Отец Андрей оглянулся на замешкавшегося дьякона, и тот, выступив вперед, стал читать Символ веры. Немногие присутствующие на службе прихожане вразнобой подхватили: – Верую во единого Бога Отца…
В это время в храм вошли четверо. Не перекрестившись, стали оглядываться по сторонам. Лик архистратига Михаила погас.
Отцу Андрею показалось, что он узнает плотную фигуру низко опустившего голову человека, стоявшего чуть впереди вошедших. Но в это время служка отворил врата, и отец Андрей, подняв для благословения крест, поклонился и, повернувшись, ушел в алтарь.
Служба закончилась. Быстро переодевшись, отец Андрей перекинул через плечо сумку и пошел к выходу. Четверо по-прежнему стояли посреди храма. Тот, который показался ему знакомым, сложив как положено руки, сделал шаг навстречу и тихо сказал: – Благословите, отец Андрей.
Это был Сергей Проценко, с которым они когда-то вместе сдавали кандидатский минимум.
– Давно веруешь? – подойдя вплотную, но не поднимая для благословения руки, спросил священник.
– Осознал, крестился, верую, – улыбаясь, сказал Проценко.
Глаза их встретились, и отец Андрей угадал в чуть прищуренном взгляде бывшего завлаба института полупроводников затаенную иронию, с которой тот воспринимал и свою просьбу, и заметное нежелание священника сказать привычные слова благословения.

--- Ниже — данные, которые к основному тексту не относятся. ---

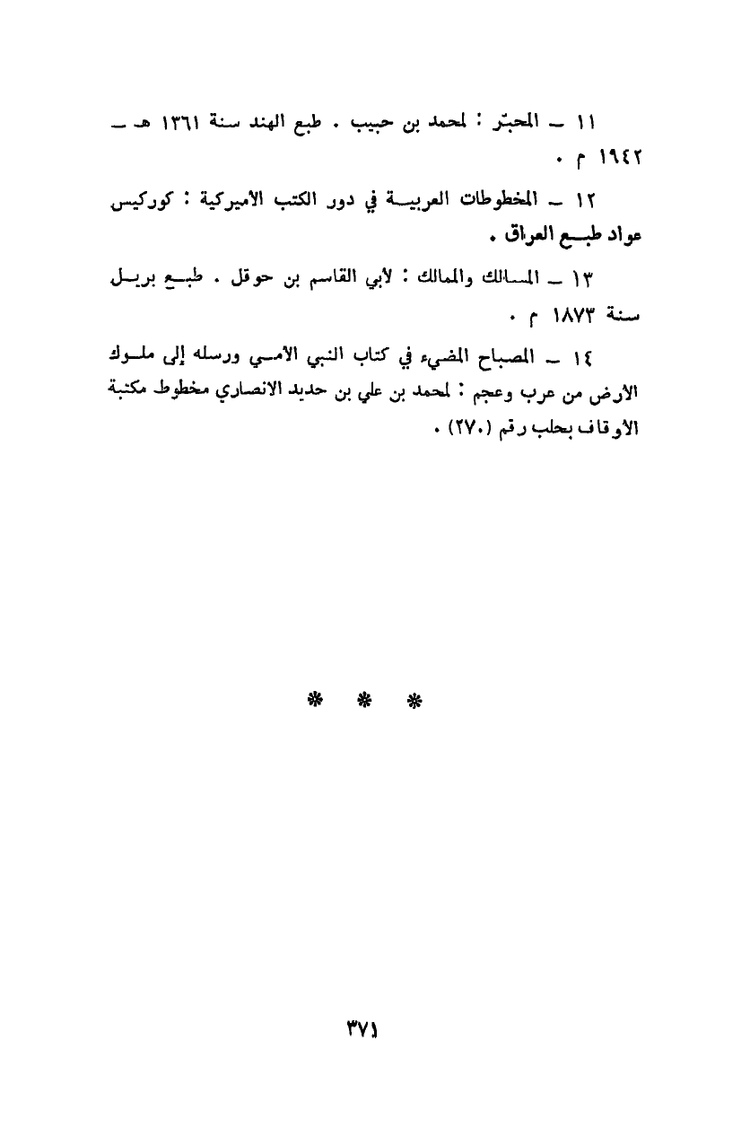 11- المحبّر: لمحمد بن حبيب. طبع الهند سنة 1361هـ - 1942م.
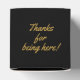 Personalized Fabulous Las Vegas Marquee design on party favour boxes for a 21st Birthday Party in Vegas, shown in black and gold with custom "Thank you for being here" wording which can be edited to suit your style and personality. All wording, and the background colour of the box and fonts can also be changed.
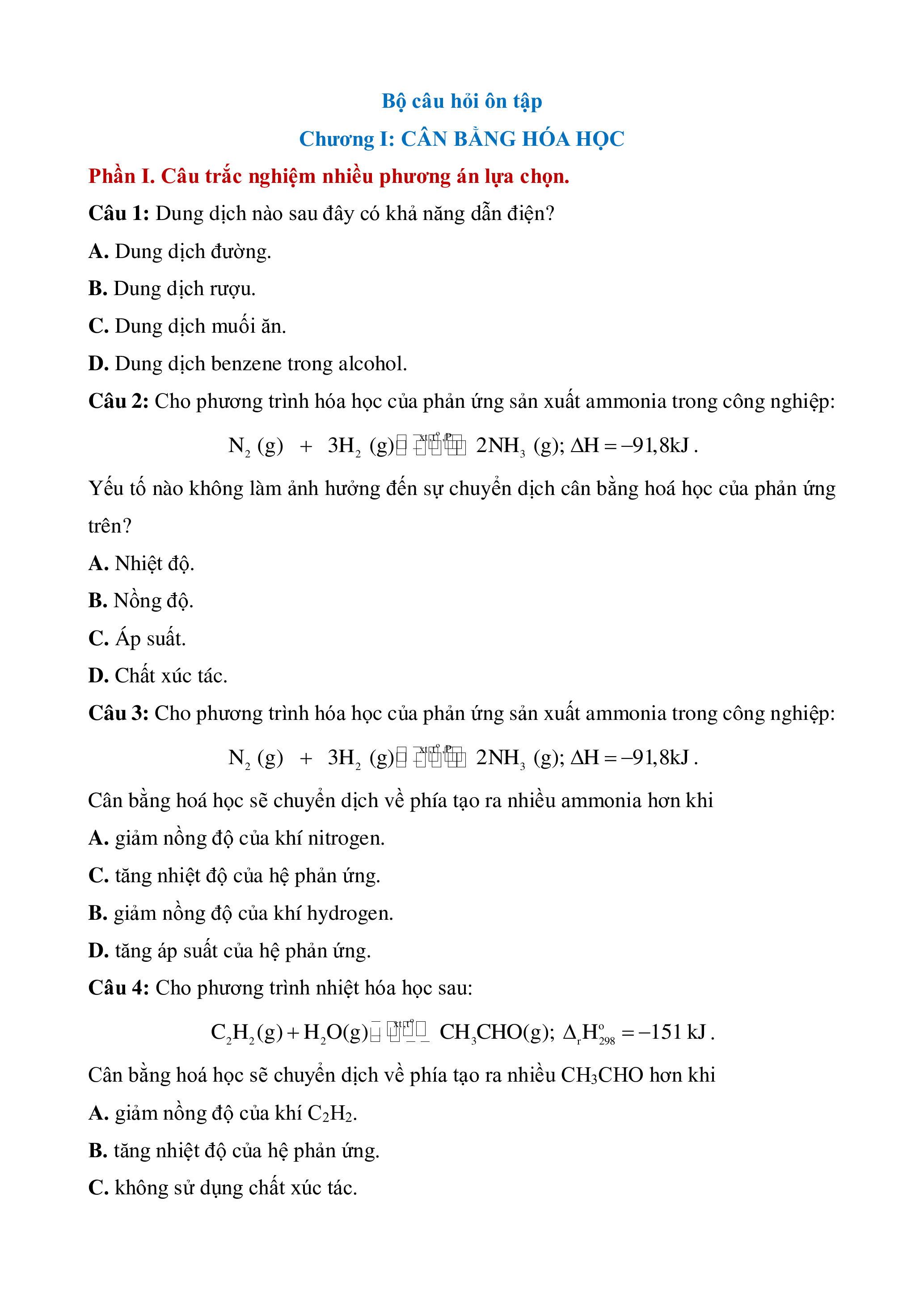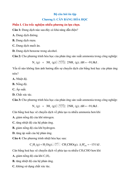 Yếu tố nào không làm ảnh hưởng đến sự chuyển dịch cân bằng hoá học của phản ứng trên? A. Nhiệt độ. B. Nồng độ. C. Áp suất. D. Chất xúc tác.
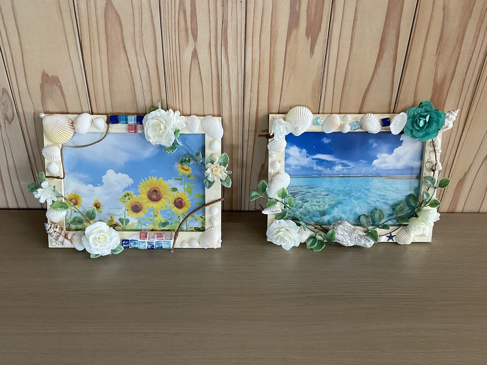 夏らしく貝殻を使ってオリジナルフォトフレームを作りました。
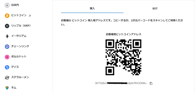- ビットコインの入出金はウォレットアドレスの入力のみ
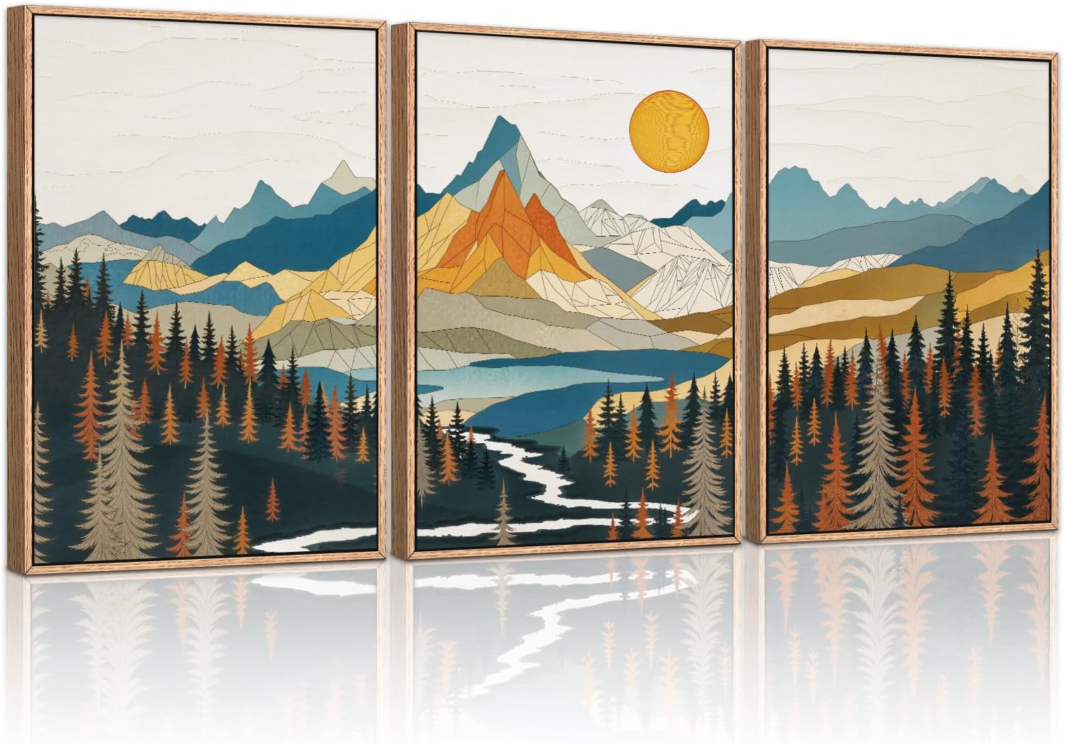- Mountain Sunset Wall Art: By painting natural elements such as mountains, forests, ponds, and sunsets on framed canvases and incorporating them into a modern design, this bohemian landscape set can create a space where nature and modern style coexist in harmony. The interplay of colors evokes feelings of joy and serenity, making this framed artwork the perfect addition to any space.

– У меня к тебе еще одна просьба, – торопливо перекрестившись, сказал Проценко, придержав Андрея за плечо.
– Извини, очень спешу, – сказал тот, делая шаг в сторону.
– Подвезу. Тебе куда?
– Спасибо, мне рядом.
– Изложу все до ворот…
Они вышли из церкви и пошли по направлению к воротам. Трое шли следом.
– Открываю филиал. Возле Дворца спорта. Бывшее ПТУ.
– Поздравляю.
– Спасибо. По православному обычаю требуется освятить.
– Мне?
– Тебе.
– Почему?
– Хотя бы потому, что бывшие коллеги должны помогать друг другу. С начальством твоим я договорился. Назвал тебя – никаких возражений. На мой взгляд, Владыка к тебе прекрасно относится. Ты всегда был на хорошем счету – и в институте, и в этом своем новом качестве. Честно говоря, для всех, кроме меня, это была полная неожиданность.
Андрей остановился.
– Я все понял. Если тебе интересно – у меня нет ни малейшего желания освящать твой филиал.
– Догадывался. Поэтому принял соответствующие меры.
Отец Андрей оглянулся на стоявших чуть в стороне «провожатых».
– За кого ты меня принимаешь? – Проценко снова растянул в улыбке толстые губы. – В шестнадцать ноль-ноль машина будет ждать у твоего дома. Серый БМВ. Вон тот. Прихватывай соответствующую атрибутику. После банкета привезем в целости и сохранности.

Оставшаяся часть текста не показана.